“Friendship is born at that moment when one person says to another: ‘What! You too? I thought I was the only one.'” C.S. Lewis
When I first started this blog it was to chronicle a time of milestones in my kiddos’ lives. What it has, in part, evolved into is a realization that I’m not alone, and I’m not completely crazy in this great big world of parenting. I love hearing back from you all when you tell me your stories and they so closely resemble mine. I love knowing that I’m not alone ~ that I’m not the only one.
Yesterday’s blog proved to me, again, why this blog is so important to me. I heard back from so many of you about Zach’s decision to leave the football team. And I couldn’t be more grateful for all of your responses.
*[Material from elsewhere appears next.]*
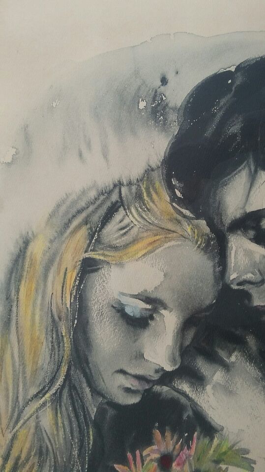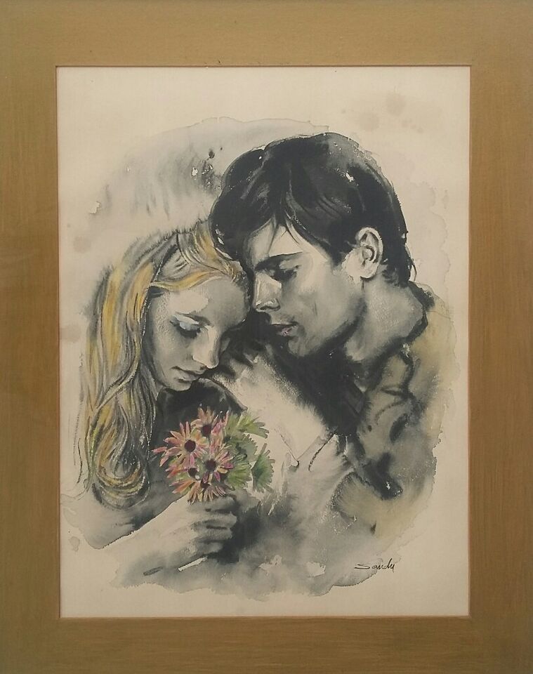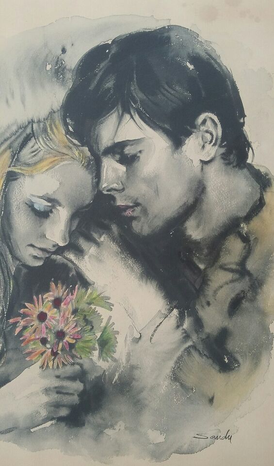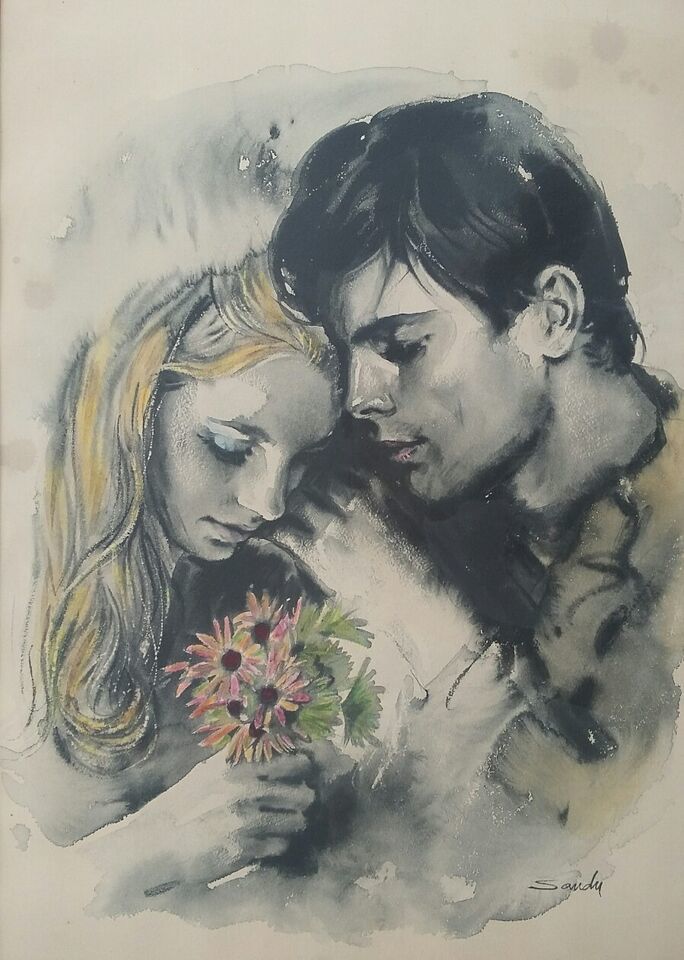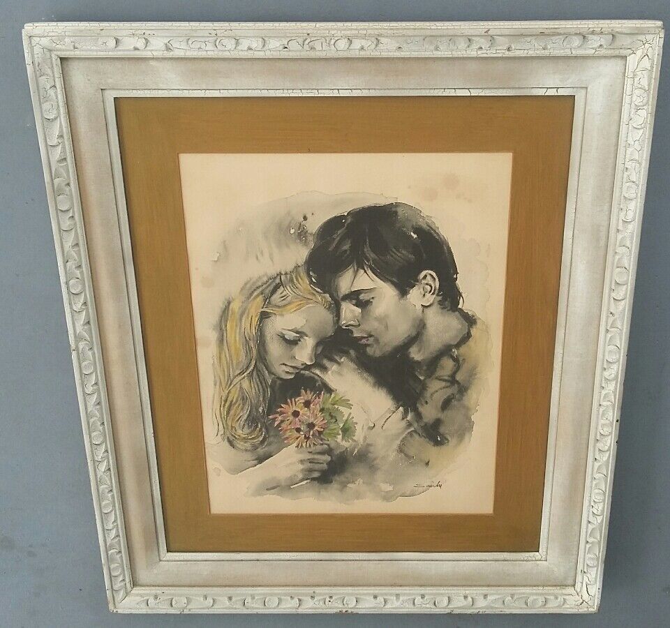 EXTREMELY RARE SANDU LIBERMAN YOUNG LOVERS WATERCOLOR LITHOGRAPHIC ART PRINT

I know sometimes I over-share and sometimes I may be overly critical but I always try to tell the story as close to truthful as possible ~ at least my truth. Everyone has their own version of a story, yesterday was my version. So yesterday could have been one of those times when I was overly-critical and overly truthful in my opinion of how things played out with Zach and how I felt about his decision.
I’ll explain…
The kids love it when I read my blog out loud to them. They say they love hearing my inflection in voice when I read my blogs. It makes it real, they say, to hear in my voice how I feel about the stories I write. So yesterday I read “Zach and the Terrible, Horrible, No Good, Very Bad Decision” to them. And here are their responses…
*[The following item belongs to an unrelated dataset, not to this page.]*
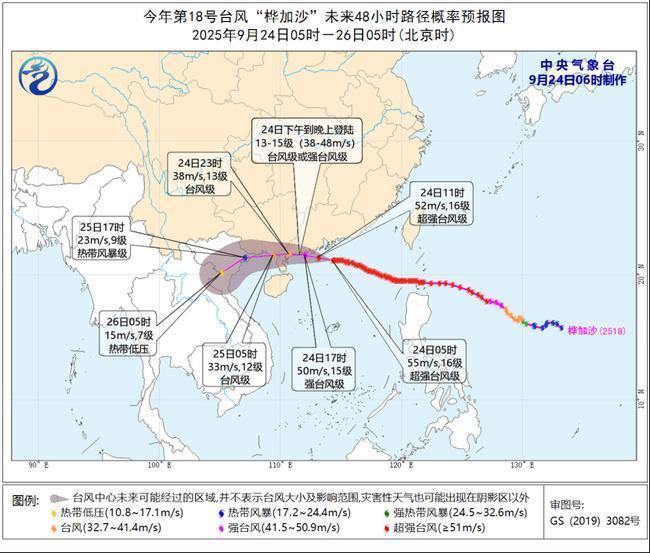 大風預報:24日08時至25日08時,巴士海峽、南海大部、西沙羣島、中沙羣島、南沙羣島、東沙羣島及黃巖島附近海域、台灣海峽、台灣以東洋麪、東海南部、北部灣、瓊州海峽、福建沿海、廣東南部地區及沿海、珠江口區、海南島沿海、廣西沿海、台灣島沿海將有6-9級大風、陣風10-11級,其中,廣東沿海和南海北部的部分海域風力有10-13級、陣風14-15級,颱風中心經過的附近海域或地區風力可達14-15級、陣風16-17級。

As soon as I finished reading my blog, I looked up to find Claire with tears welling up in her eyes. I thought I had royally screwed up and had crossed some type of line where she thought I was the meanest mom on the planet for telling a story like that. But her tears started flowing, she said, because she misses watching Zach play hockey and my blog brought it all back. What a charming way for me to add salt to her wound ~ by reading her a story critical of her big brother whom she loved to watch play hockey.
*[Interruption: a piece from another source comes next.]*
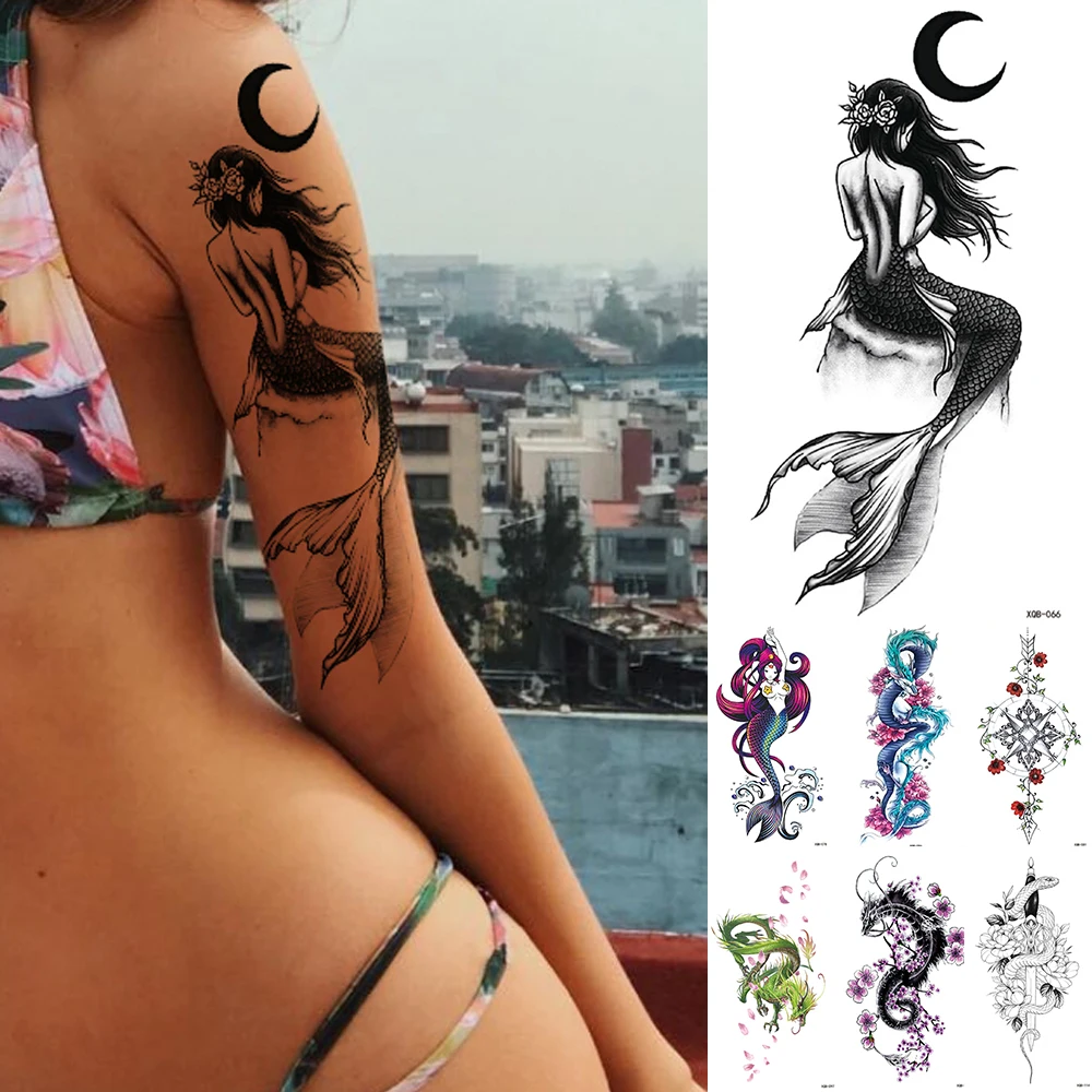 Татуировка переводная Временная водостойкая для мужчин и женщин, тату-наклейка с Луной, морем, русалочкой, флэш-тату, цветами, черепом, драконом, боди-арт

Lucas told me I was a little harsh in my assessment of the situation. REALLY?? I was a little shocked Lucas would think that but I guess, in looking at the title of my blog, I could be seen as being more than a little critical.
Stan said as excited as he was to have Zach want to play football, he realized the path of football was not the right path for him. Stan went on to say as soon as Zach said he was afraid of getting hurt he knew football was not right for him. Stan told me he was never afraid of getting hurt in football. He just bull-dozed his way through each and every play. When a player feels tentative or nervous about playing that’s when injuries happen, Stan said. He went on to tell me that if we had forced Zach to finish out the remainder of the season and he got hurt the guilt we would feel would not be worth forcing Zach to stay with something he was nervous about doing. (It was as Stan was telling me this I realized he is a little right.)
And Zach…well, he has no idea (from me at least) that yesterday’s blog was a criticism of his decision making process. When he finds out, I’ll be sure to use my friend Chris’ advice. She said I should “carefully listen to Zach’s reasons, all of them. Becoming an adult means he will change as a person too. Try to set a parameter for making major decisions that he will tell you first next time; not so you can talk him out of it, but so you can be a sounding board. It probably won’t change the future decisions, but it does keep you informed.” Thanks, Chris! Maybe part of Chris’ advice is why I felt so negative and critical…I wasn’t told of his decision until after Zach already left the team.
But it was when I got your responses, though, that I knew even though I was a bit hyper-critical of Zach and his decision making and shared a story of our lives I wasn’t exactly proud of that I had struck a chord with some of you and we were able to say “What! You too? I thought I was the only one!” From that story some friendships were born and others were cemented….for the love of all of our children as we all navigate this crazy, zany, out of this world experience we call Parenthood!